Friday, 24 February 2012

Exxon Accused of Breaching Landowner Agreement



By Jeffrey Elapa and Leslie Omara
The National, 24 February, 2012

A MULTI-BILLION kina liquefied natural gas project faces disruptions to its development after angry landowners complained about the damage to their environment and protected sites.


ExxonMobil, the developer of the PNG LNG gas project, had been accused by the people of Gulf province of breaching an agreement by laying pipelines within five miles of their traditional fishing grounds.


The landowners also want Ex­xon­Mobil to explain the presence of fo­reign vessels in their fishing grounds.
Aitari Huaupe, a public relations officer with the Ihu District Umbrella Landowners Association Inc, claimed that the ships seemed to be laying gas pipelines.


In response, Rebecca Arnold, the lead media and communications adviser for the LNG project, said the ships were not laying pipelines but were supporting the laying of the pipes. Arnold said the laying of the pipes was done 30km offshore from Caution Bay and not in the coastal waters as claimed by the landowners. She said the vessels supporting the pipe-laying were located eight nautical miles (15km) south of Apiope village. “We are still using the same route off Caution Bay all the way to Omanti as agreed in a permit with the government,” she said.

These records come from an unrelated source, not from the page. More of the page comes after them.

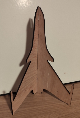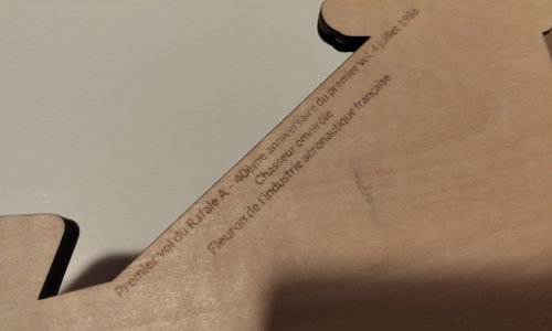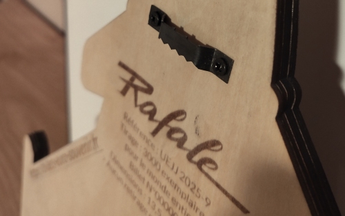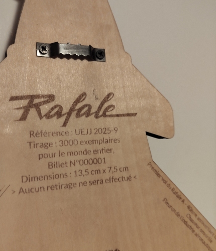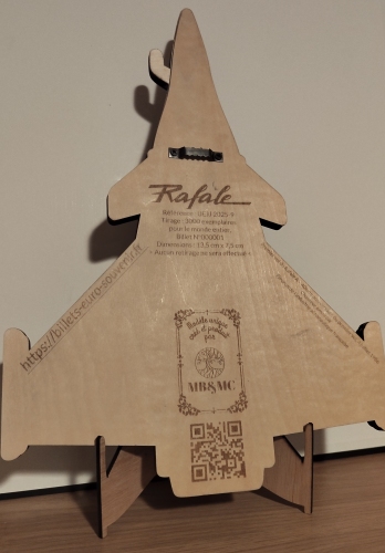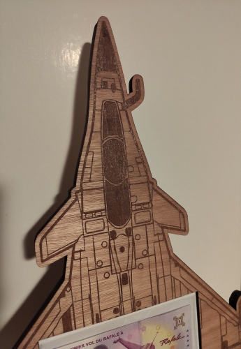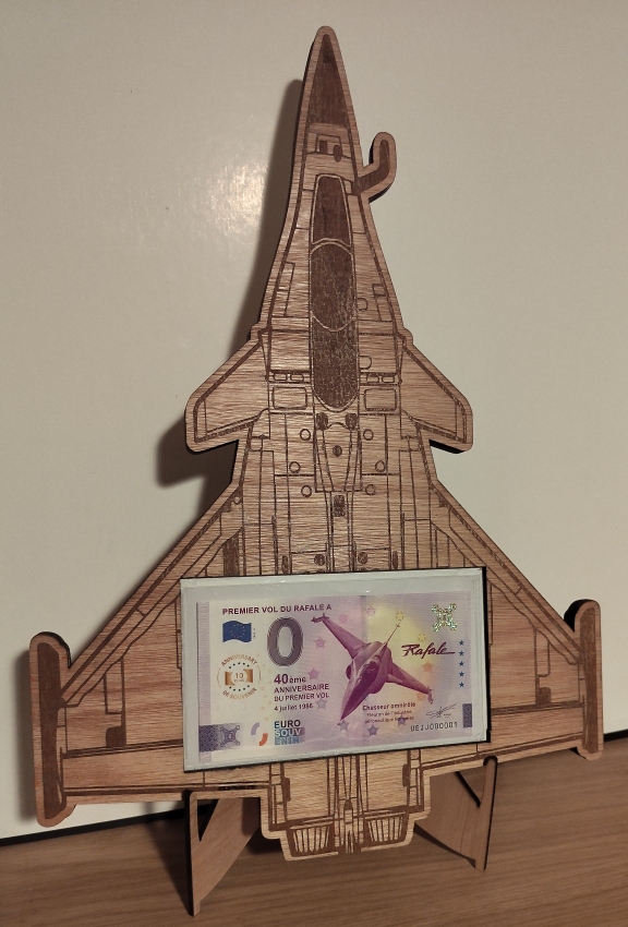 Après plusieurs échanges entre notre Association de Collectionneurs et les responsables de MB&MC, le choix s’est porté sur une définition simple mais efficace : reproduire une vue en plan du Rafale, en utilisant comme matériau de base le bois, pouvant accueillir de manière amovible le billet N°000001 du tirage, le tout pouvant être posé sur un meuble, une bibliothèque, une étagère, dans une vitrine ou bien, tout simplement, être accroché sur un mur, dans un show-room, un bureau, etc.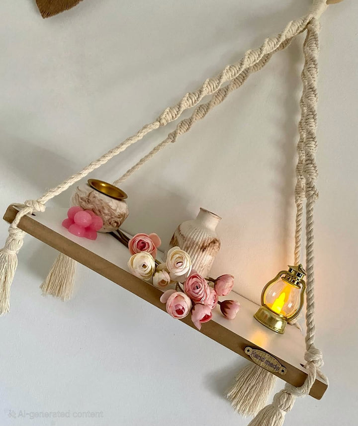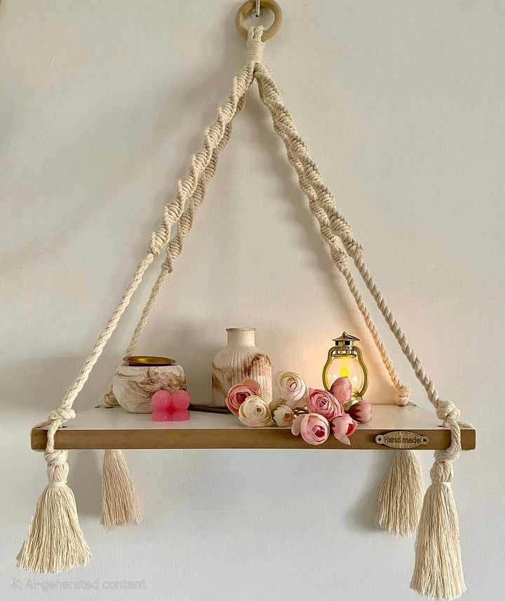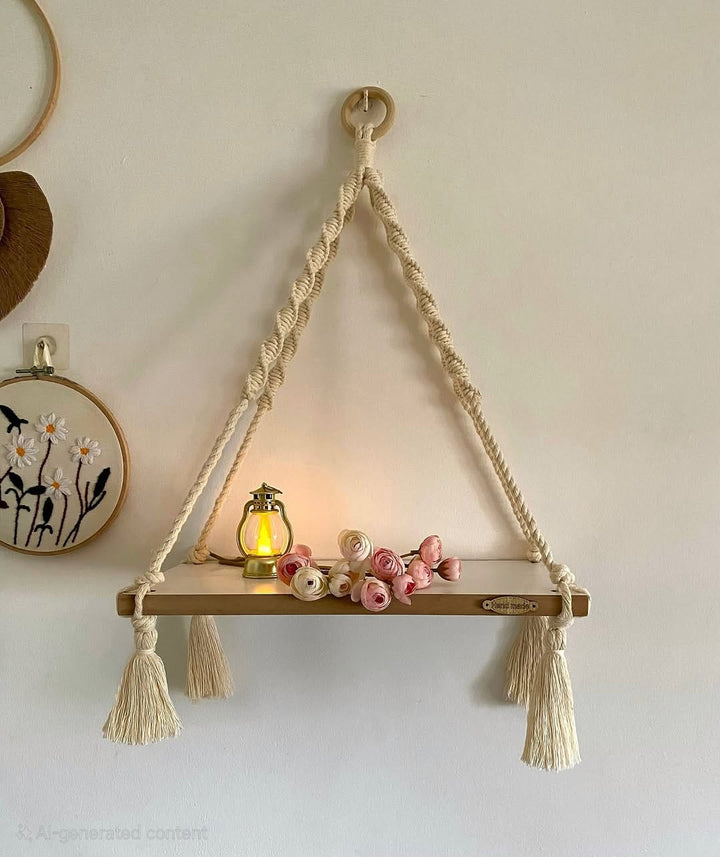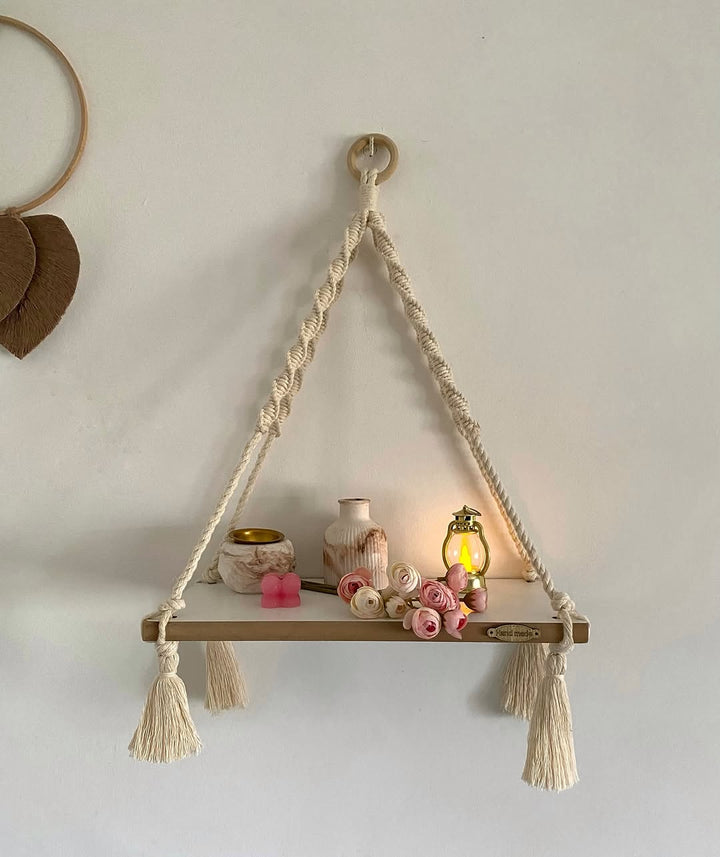 Handmade Macrame Wooden Shelf – Boho Wall Hanging Shelf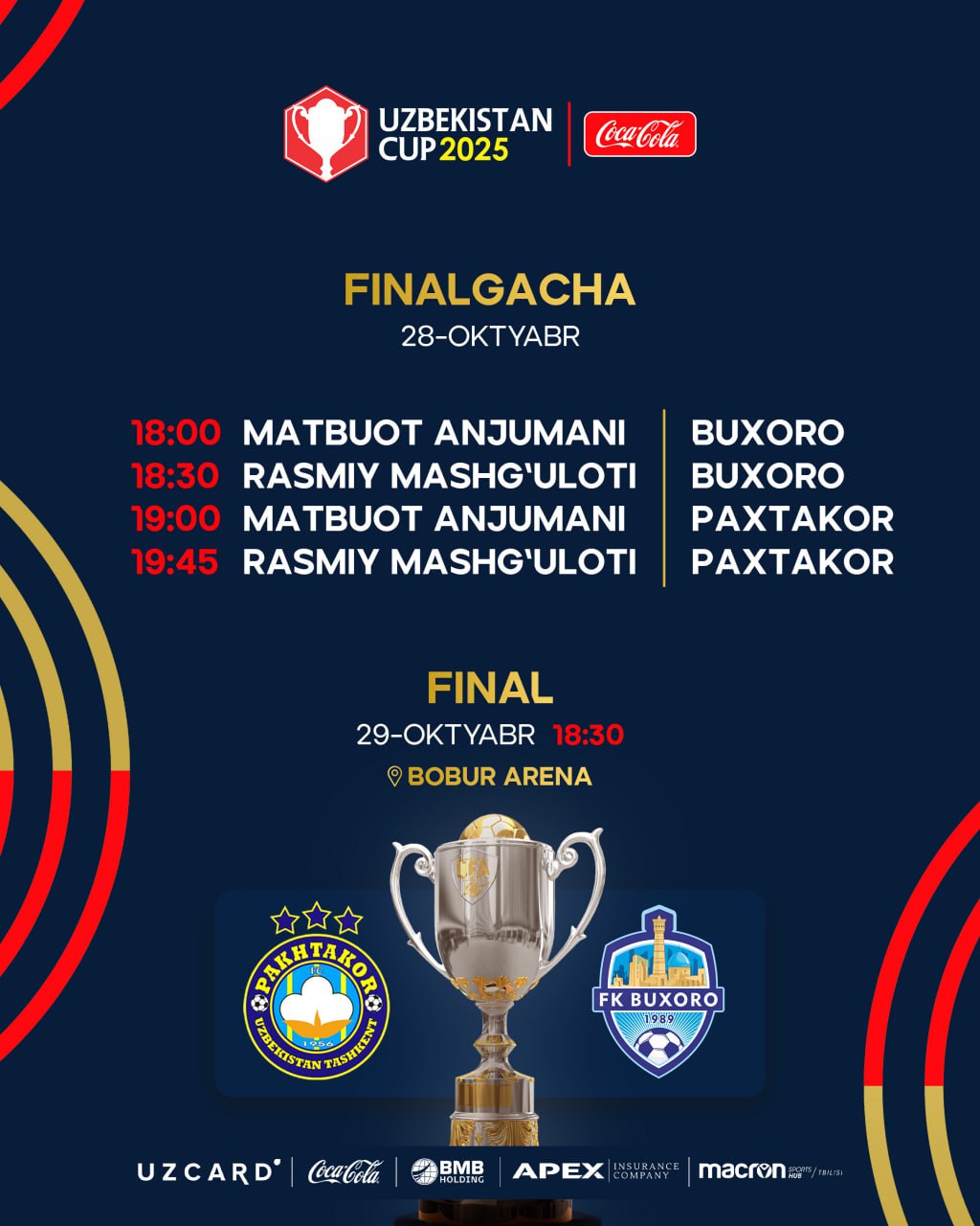 Ўзбекистон кубоги. Бугун "Бобур арена"да ўйинолди расмий тадбирлар ўтказилади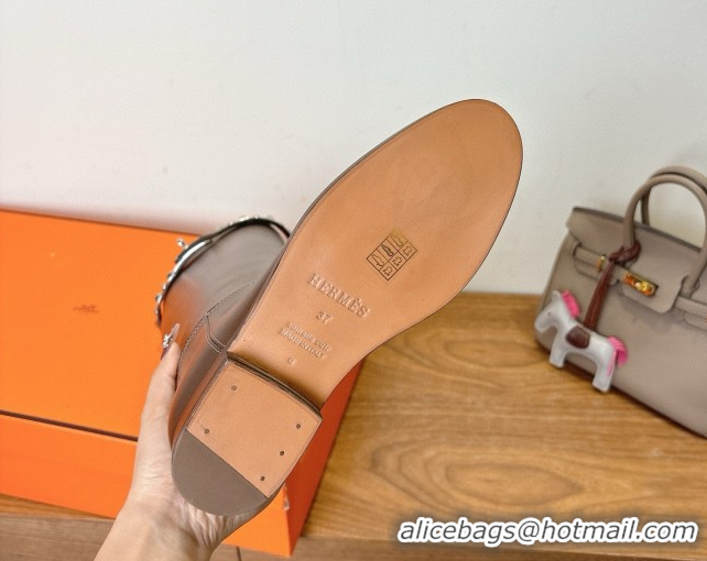> Shoes Plaza > Hermes Shoes > Luxurious Hermes Jumping High Flat Boots in Calfskin Leather with Studded Kelly Buckle Strap Dark Brown 1023068
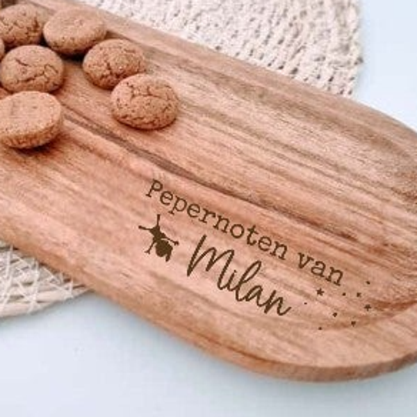 De gravering bepaal je zelf, bijvoorbeeld met de naam van je kind of een andere tekst zoals 'Lekkers van Kaya' of 'Snoepplankje van Sofia'. Zo wordt het een uniek serveerplankje dat elke Sinterklaasperiode weer opnieuw gebruikt kan worden.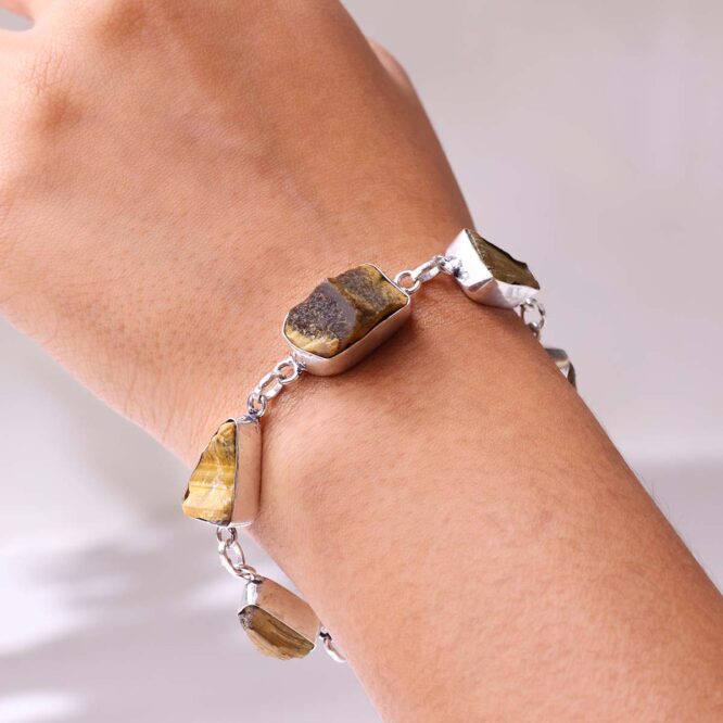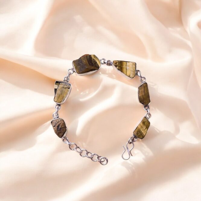 The Tiger Eye Raw Bracelet is a striking piece of natural power and confidence. Crafted with unpolished Tiger Eye stones, it carries the earthy energy of courage, strength, and protection.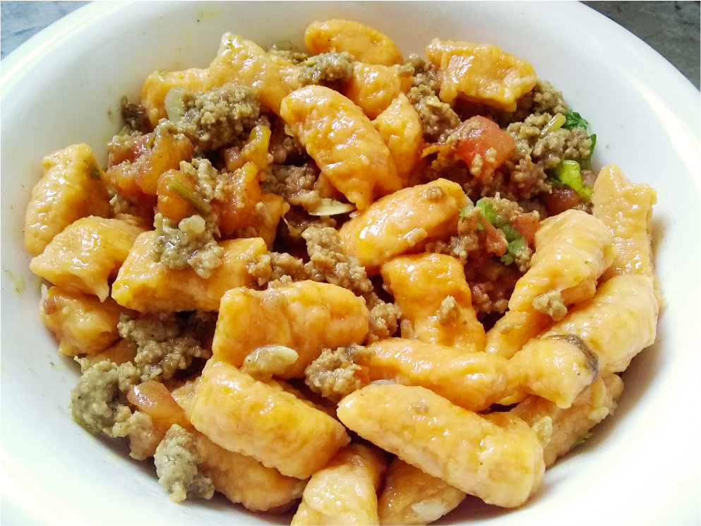 ¡Los ñoquis son deliciosos con cualquier tipo de salsa sea blanca, bologna o de vegetales! Yo los acompañé con una salteado de carne molida de res y vegetales.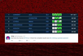 Chez les filles nous avons 2 françaises en finale avec la championne de France Clémentine Kaiser et Melissa Le Névé. Janja Garnbret a survolé les demi-finales, va-t-elle garder le même sans-froid en finales? Notons l’absence d’Anna Stöhr qui n’a pas atteint les demis. Akiyo Noguchi, vainqueur de la Coupe du Monde 2015 ne rate pas le coche.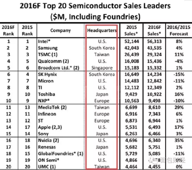 IC Insights的報告則更直觀的反映了這一事實。據該機構近日公布的全球前二十大芯片廠預估營收排名中,英特爾高居榜首,三星、臺積電、高通等緊隨其后。在前二十名芯片營收廠商中,美國占8席、日韓占5席,中國大陸無一家企業入圍。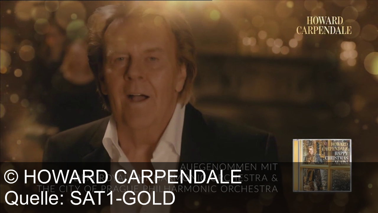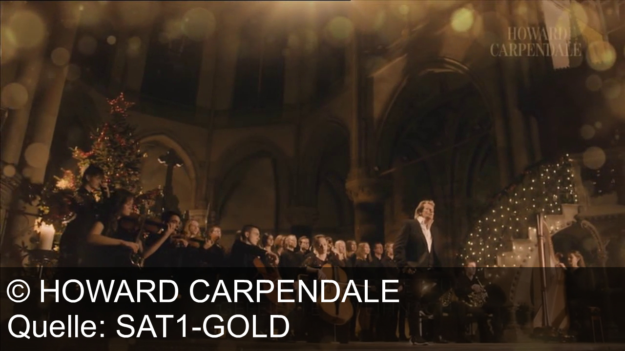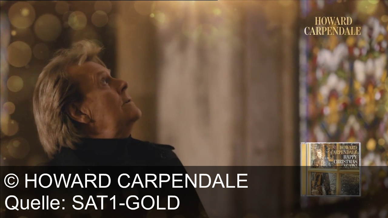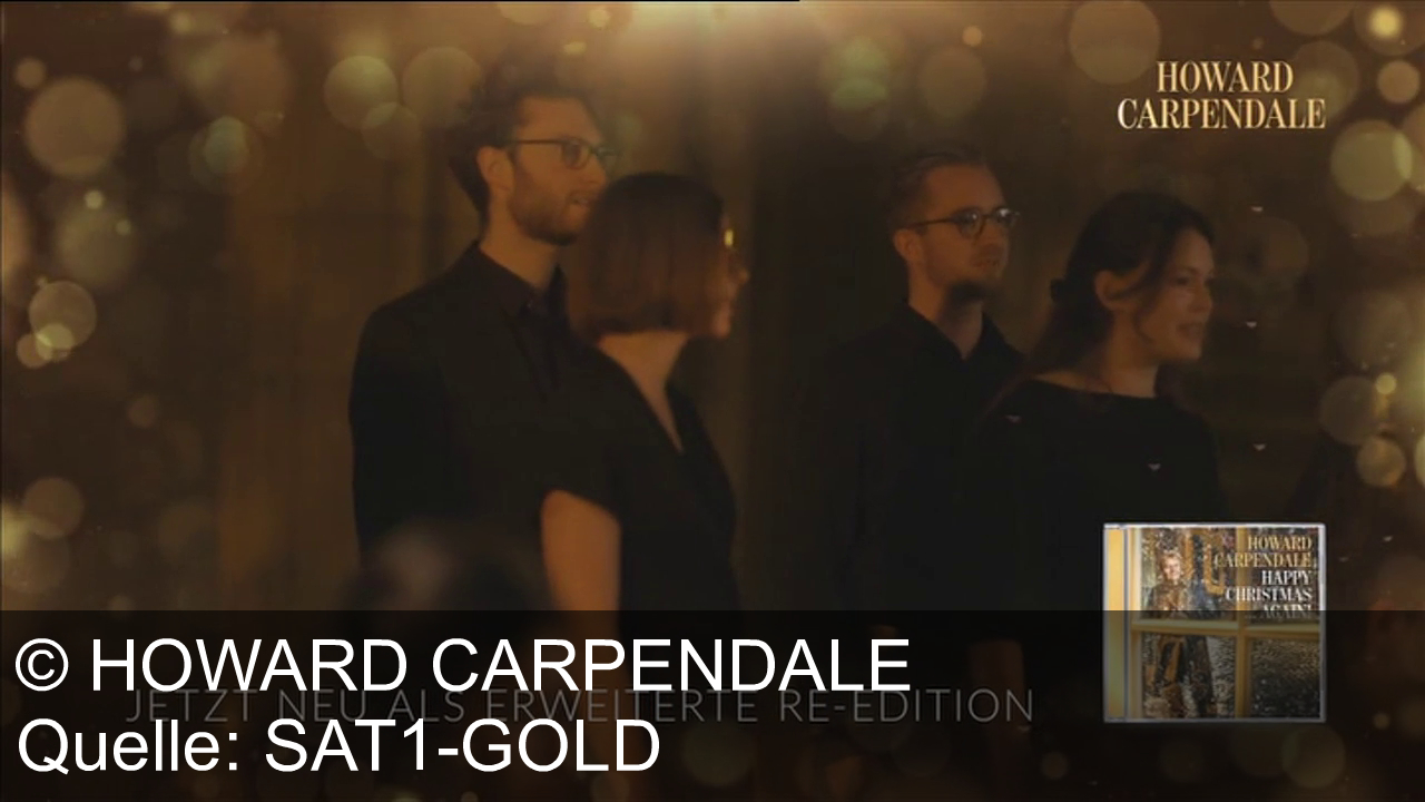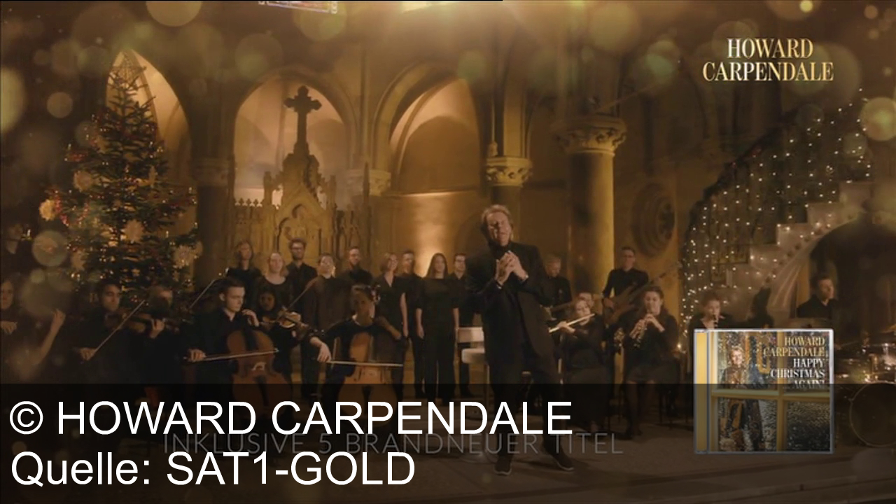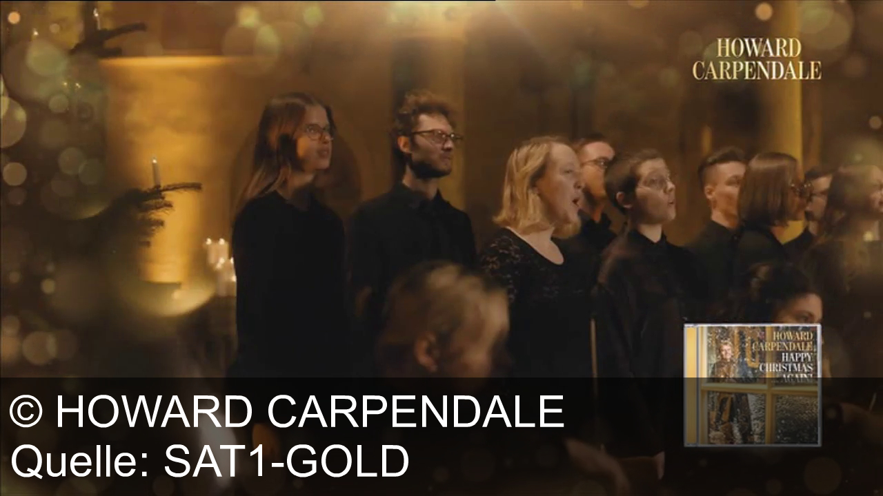 Ein Chor in schwarzer Kleidung steht in einem festlich beleuchteten Raum. Einige Mitglieder singen. Im Vordergrund ein weihnachtlich geschmückter Baum. Oben rechts steht "Howard Carpendale". Unten rechts ist ein kleines Bild mit einem Albumcover, darauf auch "Howard Carpendale - Happy Christmas Again". Goldene Lichteffekte umrahmen die Szene.
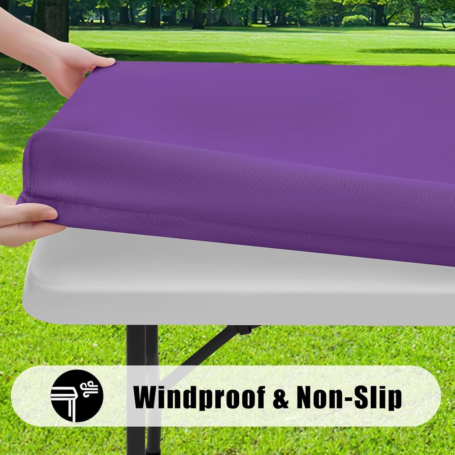 Smiry 6 Pack Rectangle Picnic Table Cloth, Waterproof Elastic Fitted Tablecloths, Washable Polyester Rectangular Patio Table Cover for Camping, Indoor and Outdoor (Black, 30"x72")(Purple)

Gulf Governor Havila Kavo told parliament yesterday that the go­vernment and the developer should review the benefit-sharing agreement in light of the developer’s action. “I have gone to the area and found that the pipeline came right into the traditional fishing zone,” he claimed. “As a result, the marine life in the area has been disturbed and will continue to be affected as siltation from the 14 rivers that flow into the Gulf of Papua will be captured, building up sediments and disturbing the prawn cycle in the area.”